Microsoft claims to have "fewer days of security risk" than Novell SUSE Linux, Red Hat Enterprise Linux, and Mac OS X. My response? Show me the data.

Wow. Sometimes, you read things like this and you wonder if Microsoft employees inhabit the same universe. Apparently, they haven't been following the rampant, constant security holes discovered and exploited in Windows over the past decade. Instead, they try to spin data in their favor to try to convince people that, in fact, Windows is more secure than Linux (and now OS X, which is a bit surprising since I had exactly zero security breaches in the last five years of running OS X - that's "zero" as in "none").

A Microsoft executive has claimed that Windows users faced fewer days of security risks on average last year than users of rival operating systems from Apple, Novell, Red Hat and Sun.

Jeff Jones, strategy director at Microsoft's security technology unit, has posted findings that show Microsoft released patches for vulnerabilities in Windows faster than its four competitors did for flaws in their software. Microsoft's last monthly "Patch Tuesday" was on June 12, when it claimed to have fixed 15 vulnerabilities. A Symantec executive acknowledged the accuracy of Jones' data.

Unfortunately, Mr. Jones doesn't reveal how serious the security "risks" were (i.e., it might be that an innocuous risk took awhile to fix because, well, it's innocuous, whereas the routine hijacking of Windows systems were plugged quickly because, well, they're not so innocuous). He also doesn't reveal any of the data behind his findings. Apparently, we're to take his word for it, like Bill Gates before him who said that OS X is breached every minute of every day. Again, I'm going on five years, hardly without even a reboot, much less an appreciable security risk. But maybe Microsoft is referring to a different OS X?

Anyway, it would be easier to take Mr. Jones' word for it if Microsoft had any sort of a record of security. That it has become adept at plugging holes in its leaky Windows ship I have no doubt. After so much practice, you'd expect the company to become experts at fix-delivery.

What would be nice, however, is if they could write software that works the first time.

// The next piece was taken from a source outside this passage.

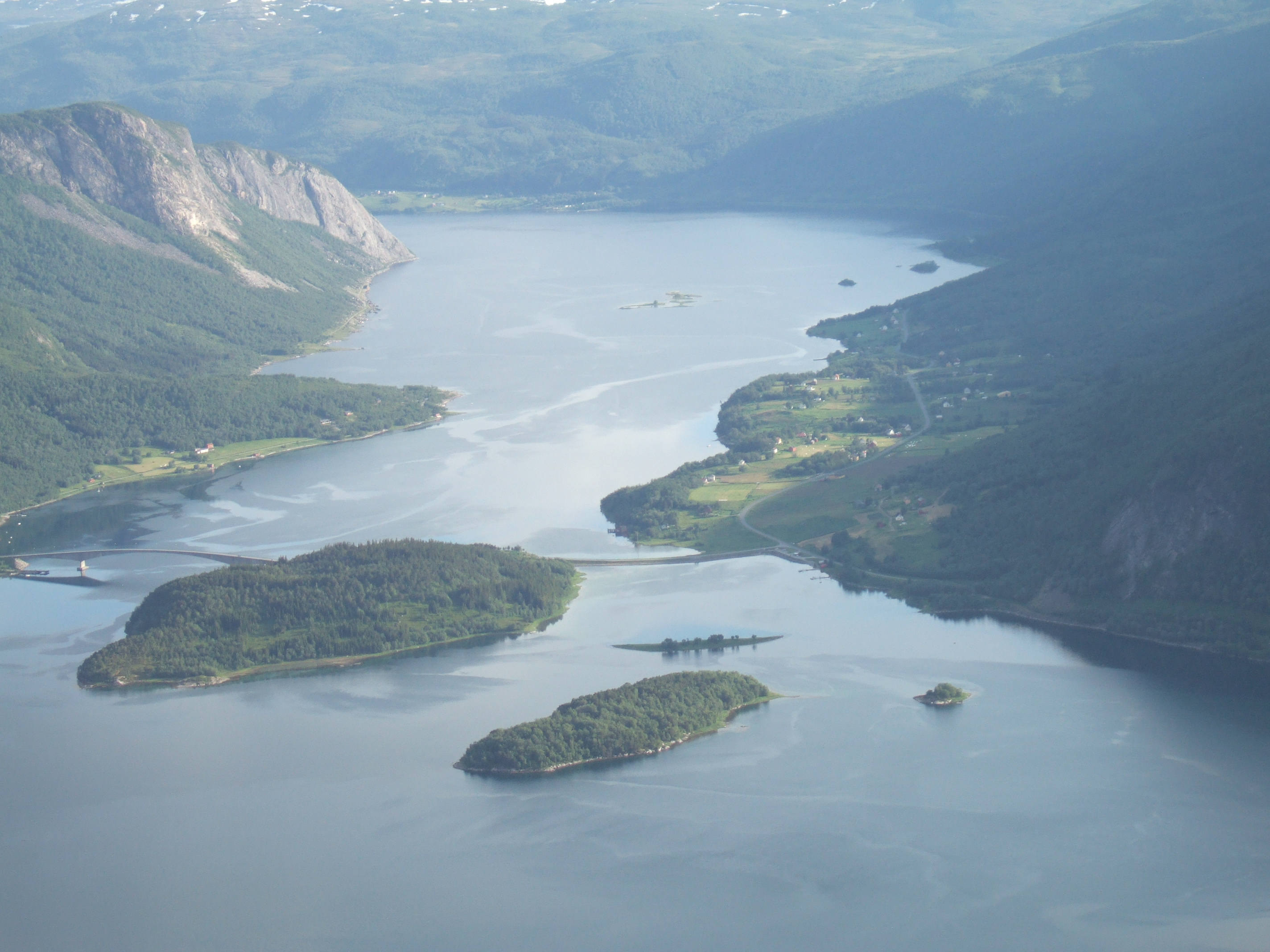 Misværfjorden in Bodø, Nordland, Norway.

Or the second time. Or third. Or....

I'm sure that there are security flaws in Linux, OS X, and other operating systems. That's not my complaint with Mr. Jones' "findings." No, my complaint is that with a breach in Windows' security every other day (though Vista seems to be much better on this front), it's a bit cheeky for Microsoft to be claiming the moral high ground on this one. Delusional, some might say....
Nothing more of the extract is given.